Exclude the pictures, then copy word for word the lines running from the beginning of the records through the line with "Step into elegance".

(Beginning of THE INPUT)

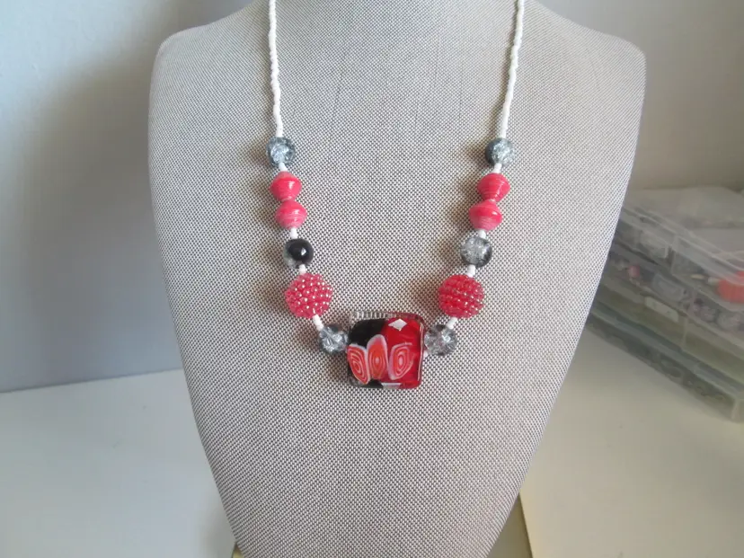 Vintage red Venetian and black and clear crackle glass beaded necklace. The length measures 21" to 23" with adjustment. This is an upcycled design using vintage beads and findings.
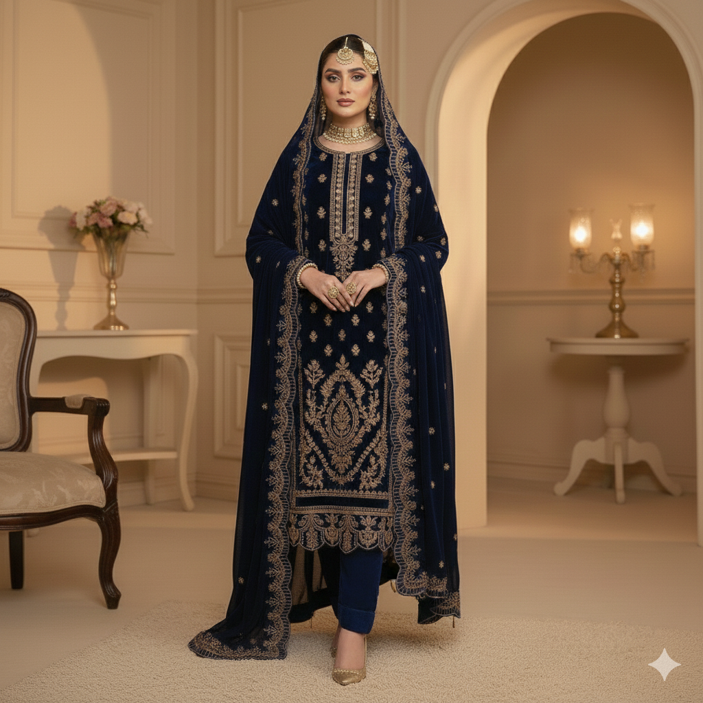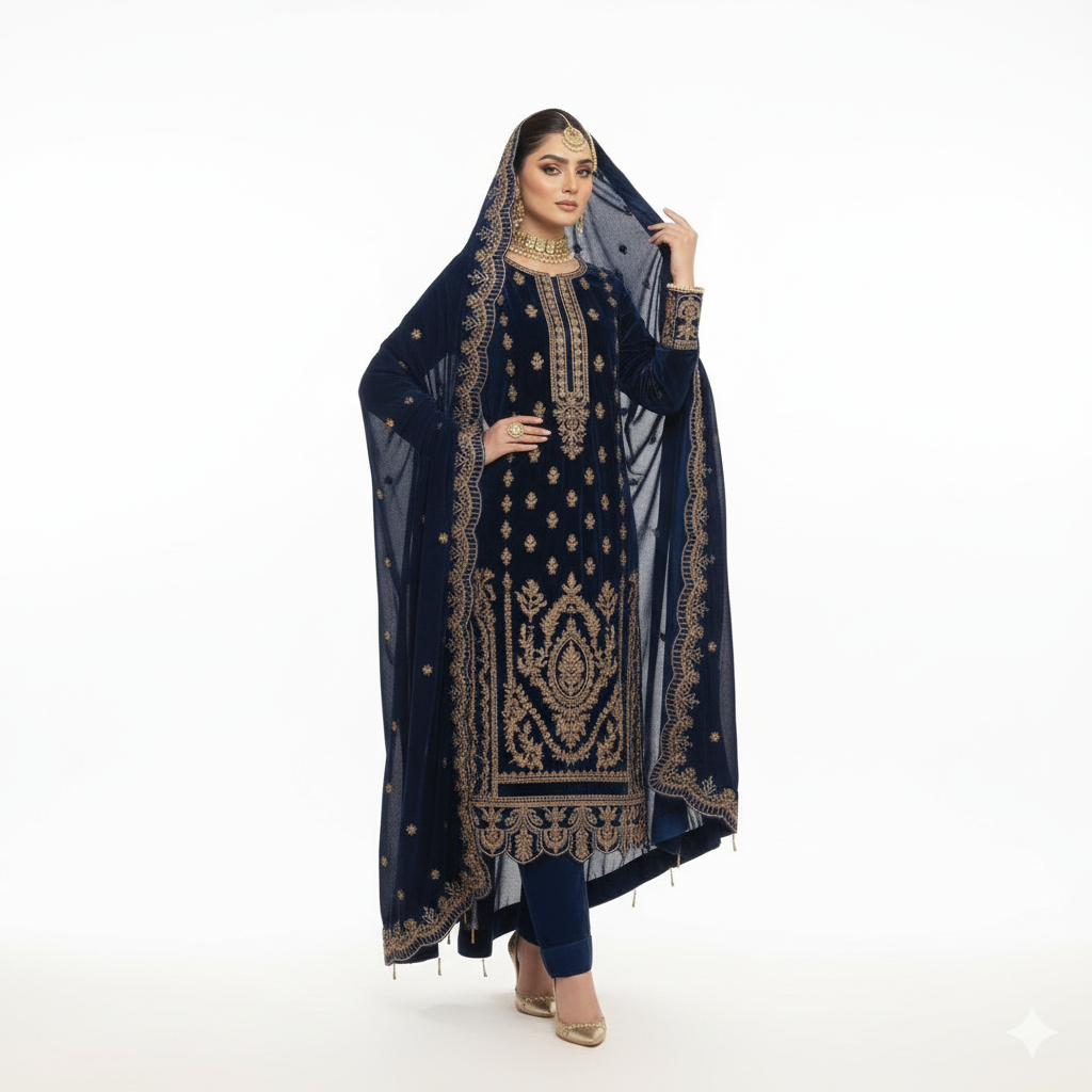 Step into elegance with this luxurious navy blue embroidered velvet suit, designed to make a bold and graceful statement. Made from premium quality velvet fabric, this outfit offers a rich, soft texture and a royal winter look.
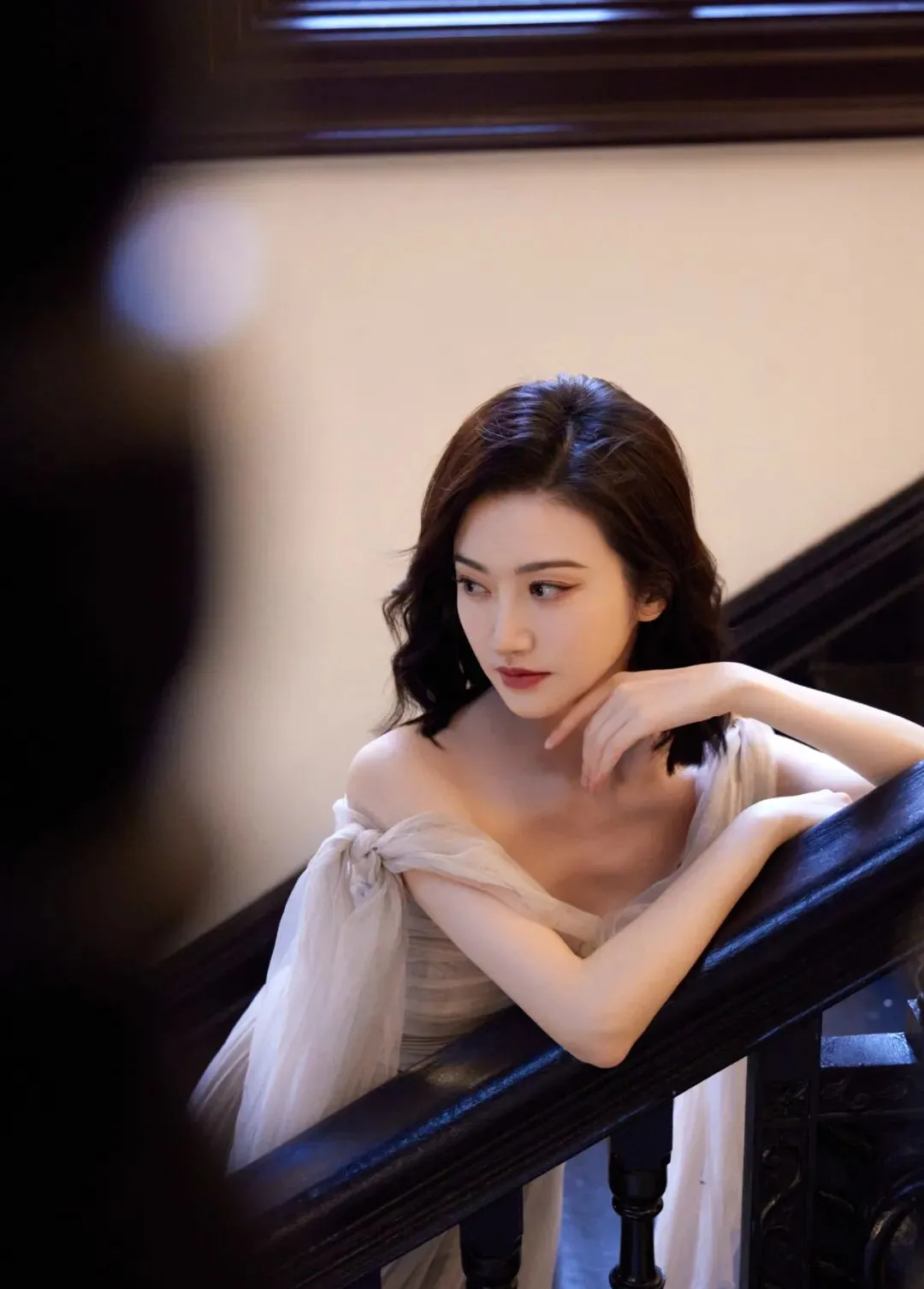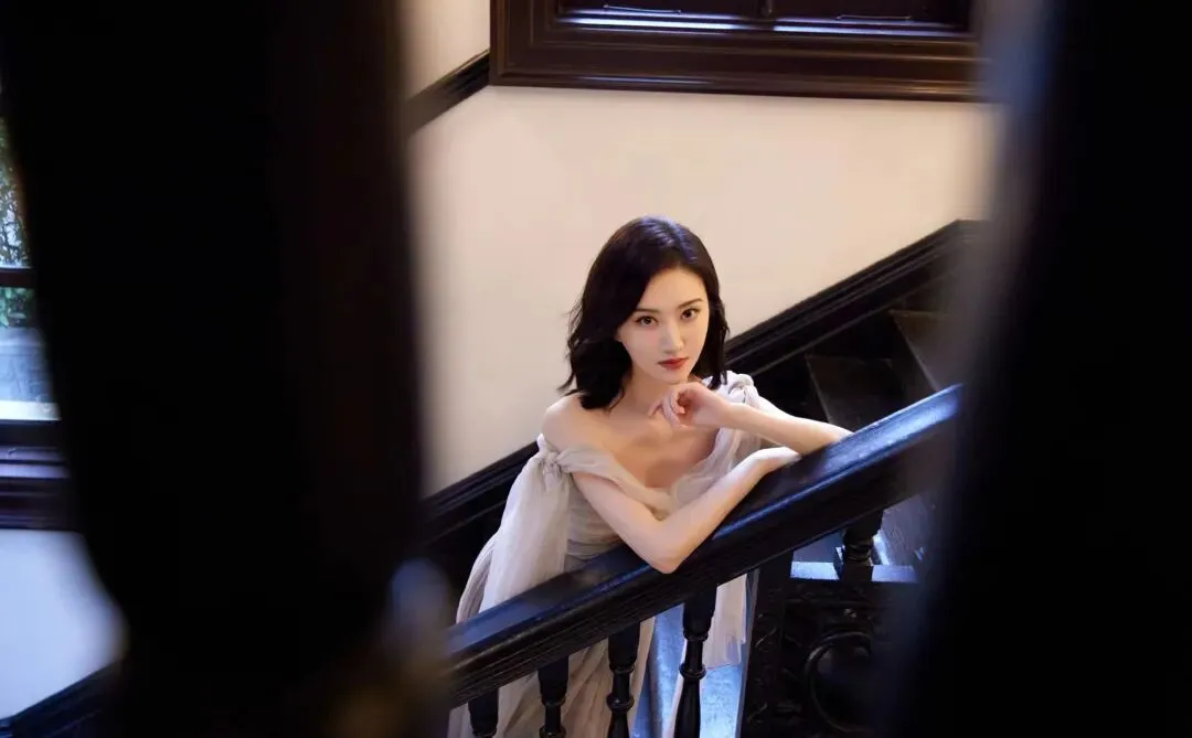 如果是在楼梯,栏杆这种位置拍照,可以把一只手臂自然搭在扶手上,另一只手轻轻托住下巴,记得手指要放松,不要太用力,身体微微前倾一点点,脸朝镜头或者轻轻侧过去,都很好看,这样的姿势特别修饰脸型,能让下颌线更清晰,上半身也会显得纤细,整体氛围是很优雅的,有一种慵懒又高级的松弛感
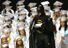 A surprise speaker, Batman, speaks to Windham High School graduates at their commencement ceremony.
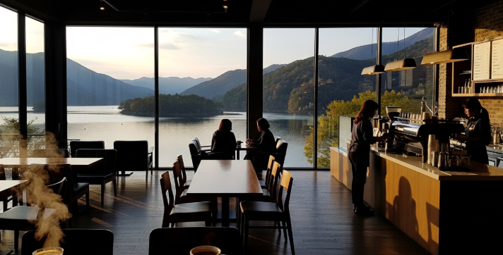 "애플시나몬 크로플을 먹었는데 수제 잼의 풍미가 대단합니다. 그래놀라가 씹히는 식감도 좋았어요. 비엔나 커피의 크림 위로 느껴지는 바닐라빈의 향긋함이 추운 날씨를 잊게 해줍니다. 창밖으로 보이는 호수 뷰를 멍하니 바라보는 것만으로도 충분한 휴식이 되는 곳입니다."
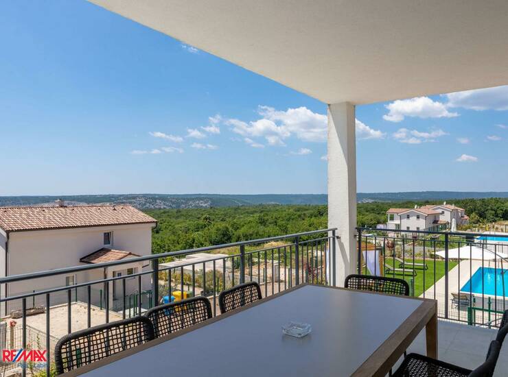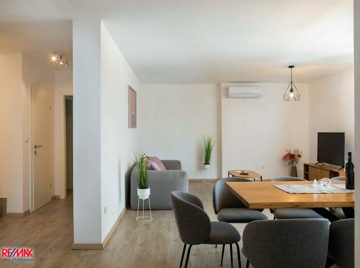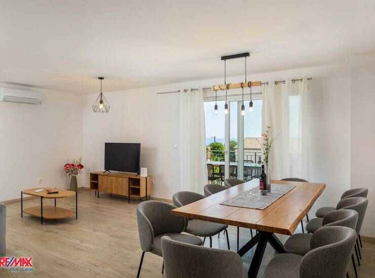Kuhinja je potpuno opremljena (aparat za kavu, perilica posuđa i ostali uređaji). Dnevni prostor je funkcionalan i ugodan za boravak.

(End of THE INPUT)

RESPONSE TO THE TASK:
 Vintage red Venetian and black and clear crackle glass beaded necklace. The length measures 21" to 23" with adjustment. This is an upcycled design using vintage beads and findings.
 Step into elegance with this luxurious navy blue embroidered velvet suit, designed to make a bold and graceful statement. Made from premium quality velvet fabric, this outfit offers a rich, soft texture and a royal winter look.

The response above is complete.